Multi-class classification is a type of supervised learning problem in machine learning where an algorithm is tasked with categorizing instances into one of multiple possible classes. In contrast to binary classification, which deals with only two classes, multi-class classification handles three or more classes. This article provides an overview of multi-class classification, discusses common techniques and evaluation methods, and concludes with a simplified explanation of the topic.

Techniques for Multi-Class Classification

There are several approaches to address multi-class classification problems in machine learning, including direct methods that can handle multiple classes inherently and indirect methods that transform multi-class problems into a series of binary classification tasks.

Direct Methods

Direct methods, also known as "all-at-once" methods, are designed to handle multi-class classification problems without the need for modification. Some popular direct methods include:

  • Multinomial logistic regression: An extension of logistic regression that can handle multiple classes.
  • Decision trees: A tree-like structure where each internal node represents a decision based on an attribute, and leaf nodes represent the class labels.
  • Random forests: An ensemble method that combines multiple decision trees to improve classification performance.
  • Support vector machines (SVM) with the "one-against-all" strategy: A method that trains multiple SVMs, one for each class, and selects the class with the highest output score.

Indirect Methods

Indirect methods convert multi-class problems into multiple binary classification problems, which can then be solved using binary classifiers. Two common indirect methods are:

  • One-vs-One (OvO): This approach trains a separate classifier for every pair of classes. For a problem with N classes, it requires training N*(N-1)/2 classifiers.
  • One-vs-Rest (OvR) or One-vs-All (OvA): This method involves training a separate classifier for each class, treating the given class as the positive class and all other classes as the negative class.

Evaluation Metrics

Evaluating the performance of multi-class classification models requires metrics that can handle multiple classes. Common evaluation metrics for multi-class classification include:

  • Confusion matrix: A table that shows the number of correct and incorrect predictions made by a classifier, organized by class.
  • Precision, recall, and F1-score: These metrics, originally used for binary classification, can be extended to multi-class problems by averaging the scores over all classes, either through macro-averaging or micro-averaging.
  • Accuracy: The proportion of correctly classified instances out of the total instances.
  • Cohen's Kappa: A statistic that measures the agreement between the predicted and true class labels, taking into account the agreement that occurs by chance.

Explain Like I'm 5 (ELI5)

Imagine you have a basket of different fruits, like apples, bananas, and oranges. You want a machine to sort these fruits into their proper groups. Multi-class classification is like teaching the machine to recognize and group the fruits into their correct categories.

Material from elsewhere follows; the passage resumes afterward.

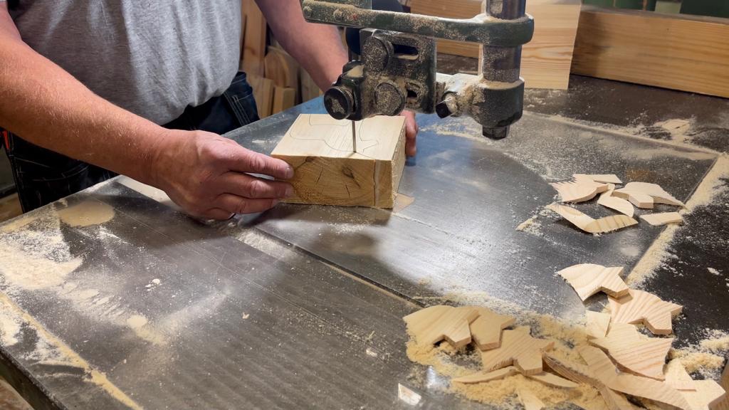 Con un timbro, ha segnato la sagoma del cavallo sullo zocco di legno e poi, lo ha segato con un macchinario.

In machine learning, there are different ways to teach the machine how to do this sorting. Some methods, called direct methods, can sort all the fruits at once. Other methods, called indirect methods, break the problem down into smaller parts, like comparing apples to bananas, apples to oranges, and bananas to oranges, before putting everything together.

To check how well the machine is sorting the fruits, we use special measurements called evaluation metrics. These help us see if the machine is putting the fruits into the right groups or making mistakes.